Feds make a (small) new investment

The timing of the 2019 extension was important because the Trudeau government was already pursuing its National Housing Strategy (NHS) in the face of a serious and complex housing crisis—and non-market housing has reappeared as another solution to the problem.

Last year’s federal budget announced $500 million in funding and $1 billion in loans would be invested in a new Co-operative Housing Development Program. This is expected to translate into the building of a modest 6,000 new co-op housing units over five years.

One of the issues for Suttor is that the NHS is not putting enough money into the program to lower the housing charges in the planned co-op units to an affordable level.

He estimates that the feds are proposing to invest a total of $250,000 into each unit, which won’t be enough to alleviate the expected very high costs of construction. Some additional money must come from the province or municipality where the new co-op would be located.

Typically, provinces are asked to provide matching funds for federal supported housing projects. But the second level of government may not always be willing to play ball, according to Suttor.

“If not, good luck,” he said.

Lockhart at CHF Canada declined to comment on the possible cost of the planned new co-op units. She said the announcement is an important first step towards “the next generation of co-op housing.”

CHF Canada maintains its vision that co-ops represent a more affordable form of housing than market rental units. A recent study shows that co-ops in five Canadian cities on average charge $400 to $500 less per month than the private market.

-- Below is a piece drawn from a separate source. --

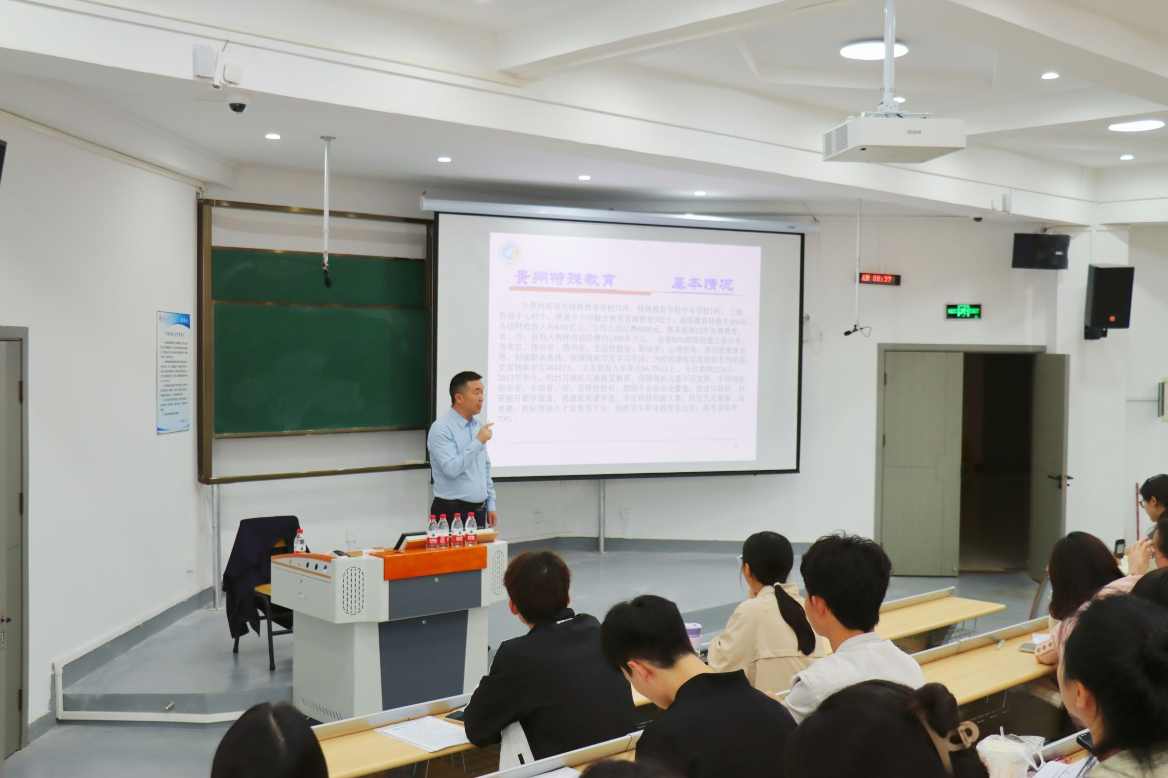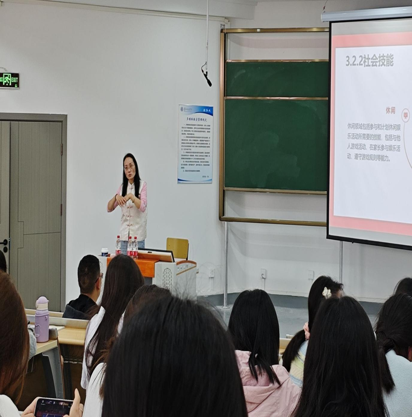 为进一步提高特殊教育系学生的教师需要的知识与实践技能,了解更多的特殊教育学校课程、教学、班级管理和教师的实践工作现状,2024年6月3日,特殊教育系邀请了遵义市特殊教育学校校长余贞文、刘晓敏2位教师,在宁静楼535为特殊教育系2023级、2022级、2021级特殊教育专业全体学生分别做了《特殊教育学校教师职业素养现状与提升策略》和《孤独症儿童融合教育实践策略》的主题讲座。

Sarah Cooper, another housing specialist who teaches at the Faculty of Architecture at the University of Manitoba, points to a recent report showing that private market developers receive the bulk of the support from the NHS, primarily for medium-cost and

just below medium-cost housing. There should be more assistance for non-profit housing providers serving lower-income Canadians, she said.

‘Resilient people’ in ‘a resilient sector’

The ability of the co-op movement to survive the lean times following government cuts in the 1990s makes Lockhart rather optimistic about the future of her sector.

“The thing about co-ops is that they build resilient people [in] a resilient sector and we

have to be adaptable to all sorts of governments and situations,” she explained.

One longtime co-op member, Lynda Winter of Corktown Co-operative Homes in central Hamilton, admits taking for granted how fortunate she is to live outside the volatile and expensive renting housing market.

When co-ops expanded in the 1970s and 1980s, they were seen by some as a transition to home ownership and the middle class. But at Corktown, co-op living is embraced as the better way, said Winter, who raised her son there.

“The people that have stayed for the long haul are here because they want to be here,” she said. “There is a family here that can afford to buy a house. They don’t choose to because they like living in this community.”